Repeat the data that follows in full. Do not include the pictures.

*** Supplied material Section Begins ***

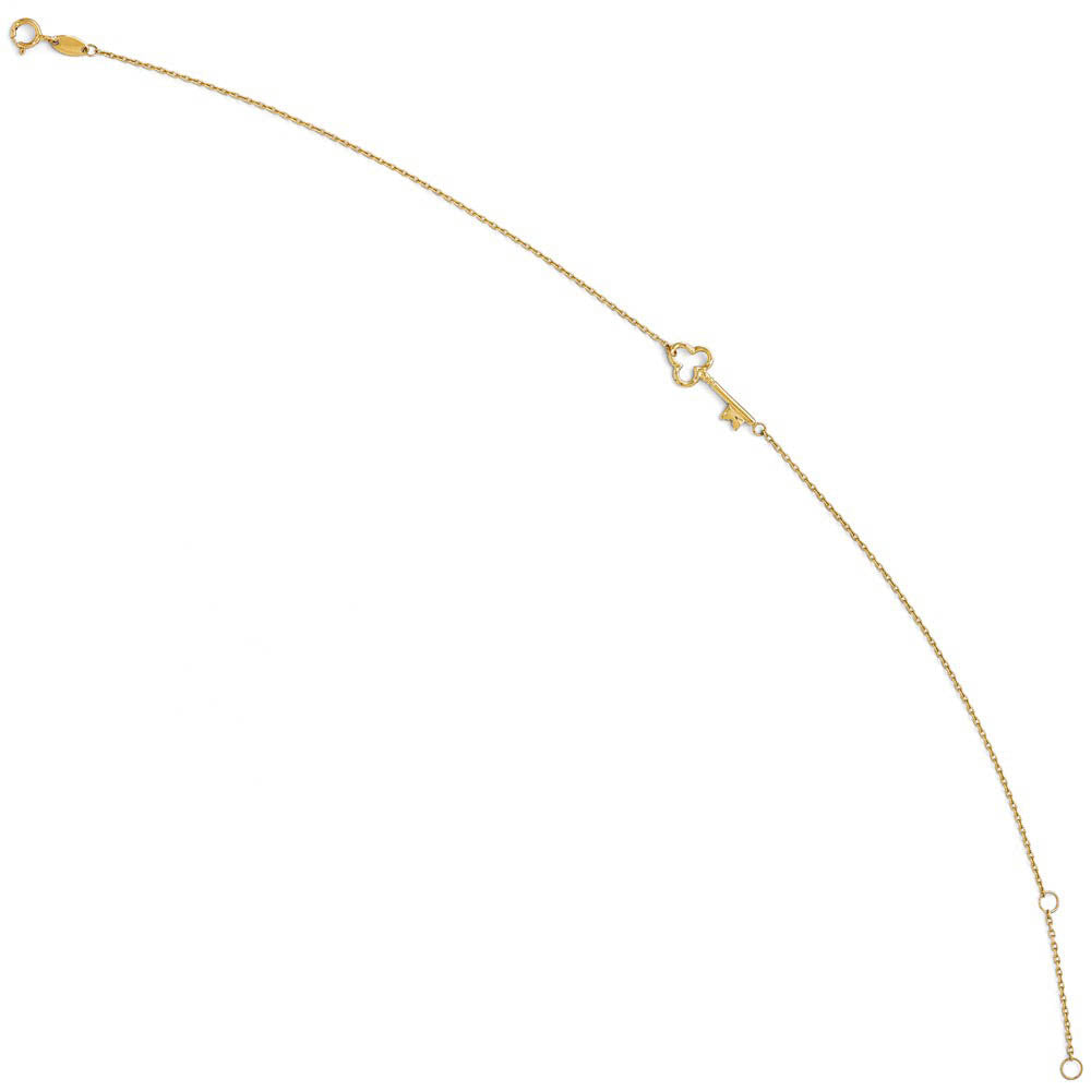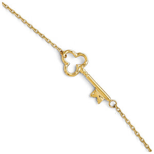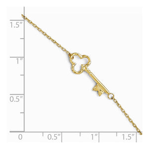 14k Yellow Gold Polished Shamrock Key Anklet, 9-10 Inch
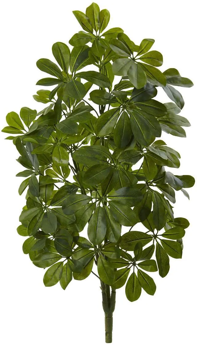 Silky and real to the touch, the green foliage of the artificial green baby schefflera plant is breathtaking. Carefully crafted for a lifelike appearance, each branch of this plant holds five or more smooth edged leaves and have a noticeable sheen and luster to them. Add this piece to your bedroom decor as a centerpiece for your dresser for a natural finish.
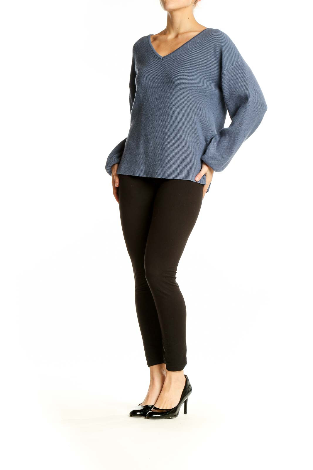 Elevate your casual wardrobe with this sophisticated blue ribbed sweater from SilkRoll. Crafted from a luxurious blend of nylon and viscose, this knit piece offers both comfort and style. The V-neckline adds a touch of elegance, while the ribbed texture provides visual interest and a flattering silhouette. With its relaxed fit and dropped shoulders, this sweater is perfect for effortless layering or wearing on its own. The versatile blue hue complements a variety of outfits, making it a go-to piece for any occasion. In good condition, this sweater is a testament to SilkRoll's commitment to quality and timeless design. Whether paired with jeans for a casual look or dressed up with a skirt, this sweater is sure to become a favorite in your wardrobe rotation.

*** Supplied material Section Ends ***

*Written answer*.
 14k Yellow Gold Polished Shamrock Key Anklet, 9-10 Inch
 Silky and real to the touch, the green foliage of the artificial green baby schefflera plant is breathtaking. Carefully crafted for a lifelike appearance, each branch of this plant holds five or more smooth edged leaves and have a noticeable sheen and luster to them. Add this piece to your bedroom decor as a centerpiece for your dresser for a natural finish.
 Elevate your casual wardrobe with this sophisticated blue ribbed sweater from SilkRoll. Crafted from a luxurious blend of nylon and viscose, this knit piece offers both comfort and style. The V-neckline adds a touch of elegance, while the ribbed texture provides visual interest and a flattering silhouette. With its relaxed fit and dropped shoulders, this sweater is perfect for effortless layering or wearing on its own. The versatile blue hue complements a variety of outfits, making it a go-to piece for any occasion. In good condition, this sweater is a testament to SilkRoll's commitment to quality and timeless design. Whether paired with jeans for a casual look or dressed up with a skirt, this sweater is sure to become a favorite in your wardrobe rotation.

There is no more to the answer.